In spring 2013, Stage Right moved its studio a few blocks to a larger space at 105 W Fourth Street, Greensburg.

The season is supplemented with many other opportunities to utilize the talents of the students, including an "all-county musical" featuring students from local high school theatre programs, children's plays, summer camp productions, and Books Come Alive!, a series of adaptations of children's books performed at libraries throughout the area. The company is also notable for its annual production of The Rocky Horror Show every Halloween. Many of Stage Right!'s students have had success in Pittsburgh Public Theater's Shakespeare Monologue and Scene Contest, as well as going on to well-respected college theatre programs such as Carnegie Mellon University, Point Park University, New York University, Seton Hill University, Syracuse University, and Shenandoah University. Stage Right! alums have also had success in professional theatre, working in such venues as York Theatre, Off the Wall Productions, Bricolage Production Company, Pittsburgh Irish and Classical Theatre, Prime Stage Theatre, Pittsburgh Civic Light Opera, Pittsburgh Musical Theater, St. Vincent Summer Theatre, City Theatre, Terra Nova Theatre Group, MCC Theater, and 12 Peers Theater, as well as having had their work featured in the Pittsburgh New Works Festival.

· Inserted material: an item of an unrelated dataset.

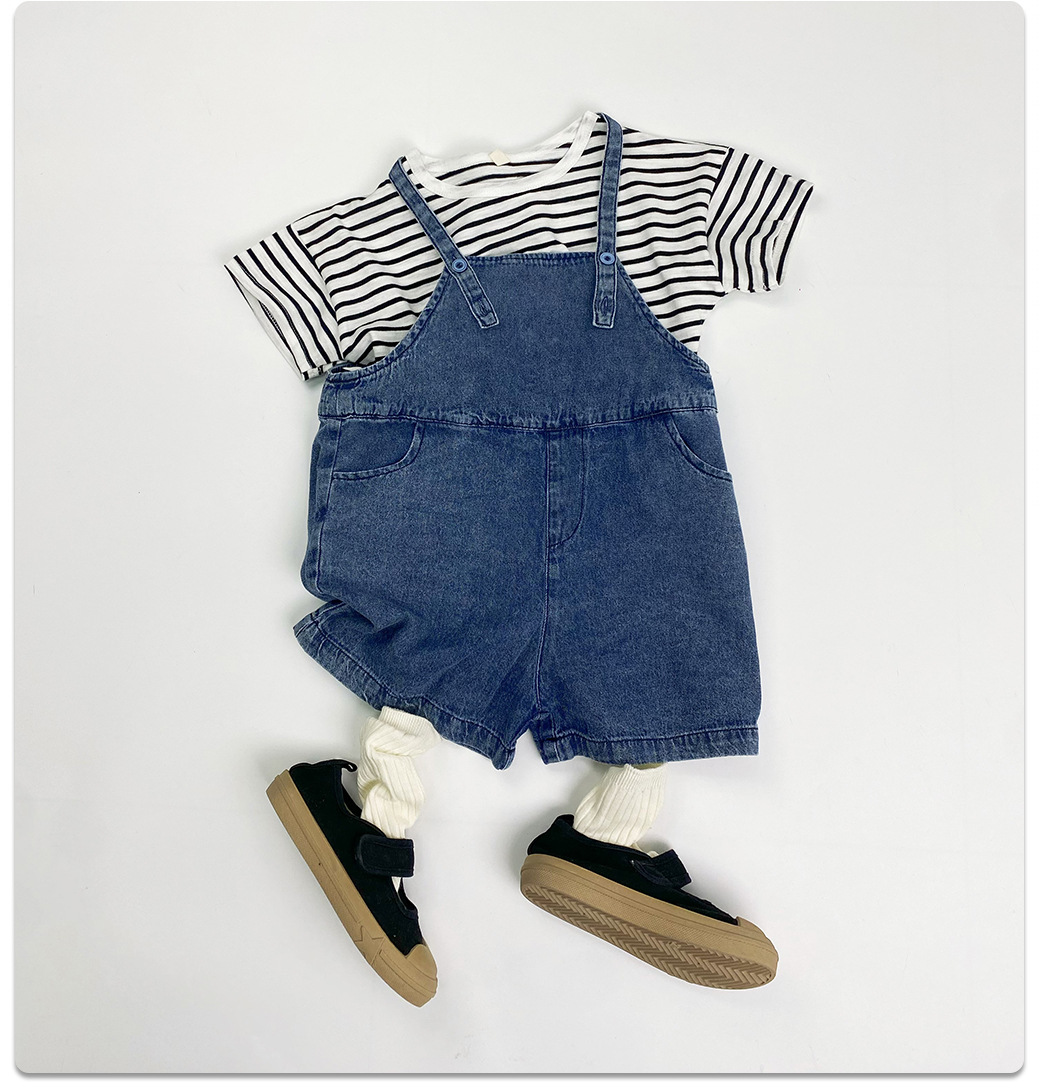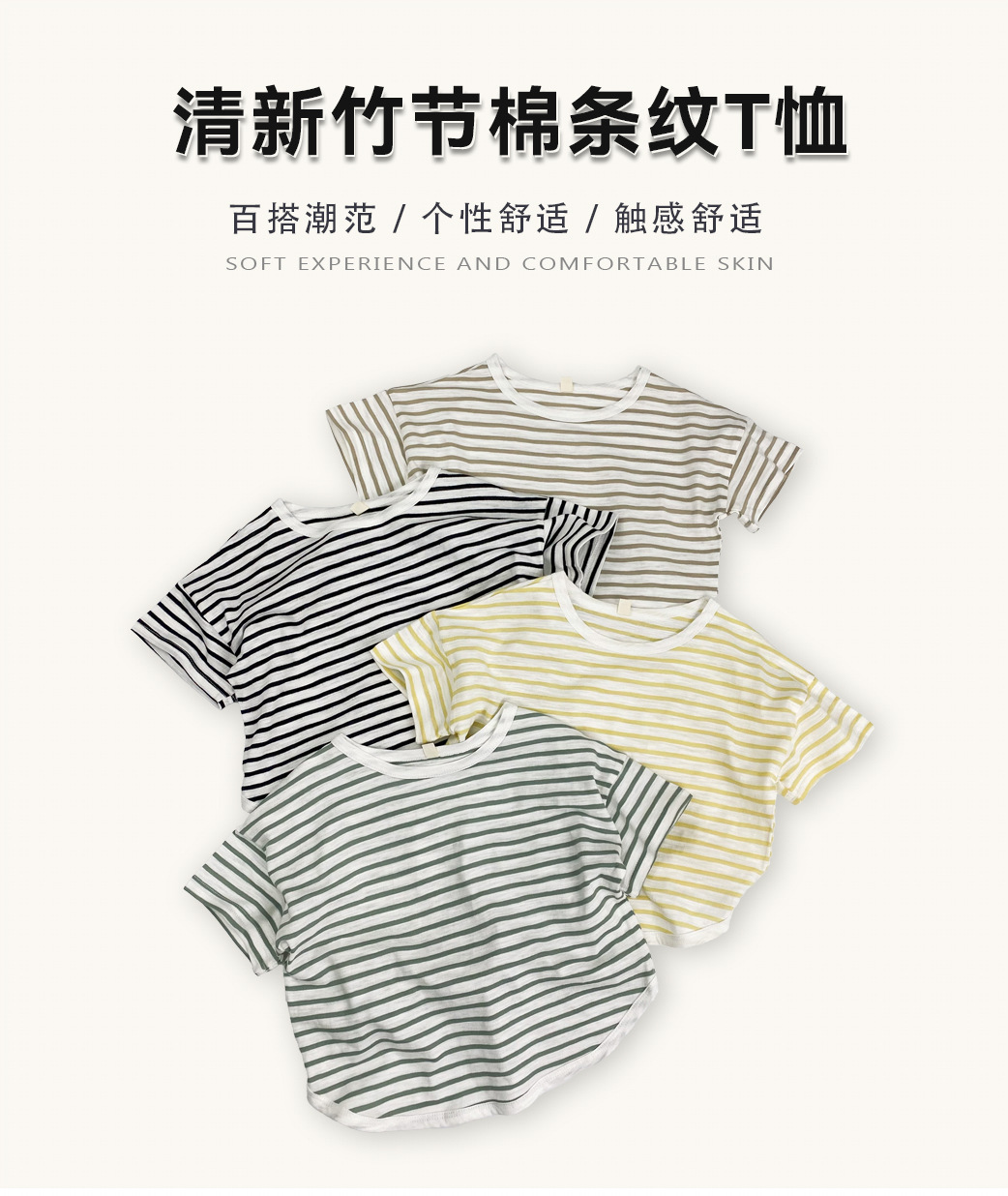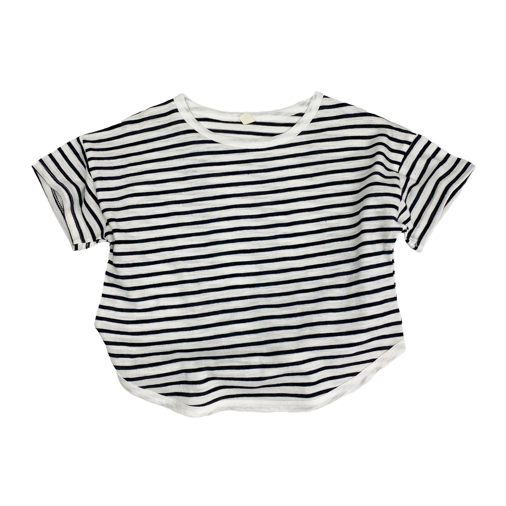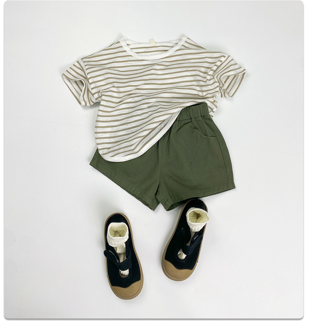 남아 및 여아용 아동용 대나무 면 스트라이프 티셔츠, 중소형 아동용 루즈한 반팔 셔츠, 여름 아동복, 베이비 상의스토어 가기

== Guinness world record holder ==
Stage Right! earned the Guinness word record for fastest theatrical production on March 9, 2019 by staging a production of "Children of Eden" from start to finish in 14 hours and 30 minutes. The production beat the previous world record held by the Sharpe Academy of Theatre Arts for its 15-hour production of Annie.

== Mistreatment allegations ==
In 2021 a group called Stage Right Survivors had collected alleged firsthand accounts of "bullying, misconduct, manipulation, and retaliation", perpetrated by one founding employee whose behavior (according to the aforementioned critics) was not checked by the school's leadership. The school's Board of Directors was quoted as saying, "We take these allegations seriously and are conducting an investigation to ensure that we can safely provide this creative outlet for more than 300 children in our community." Several months later, that founding employee was no longer working for the company.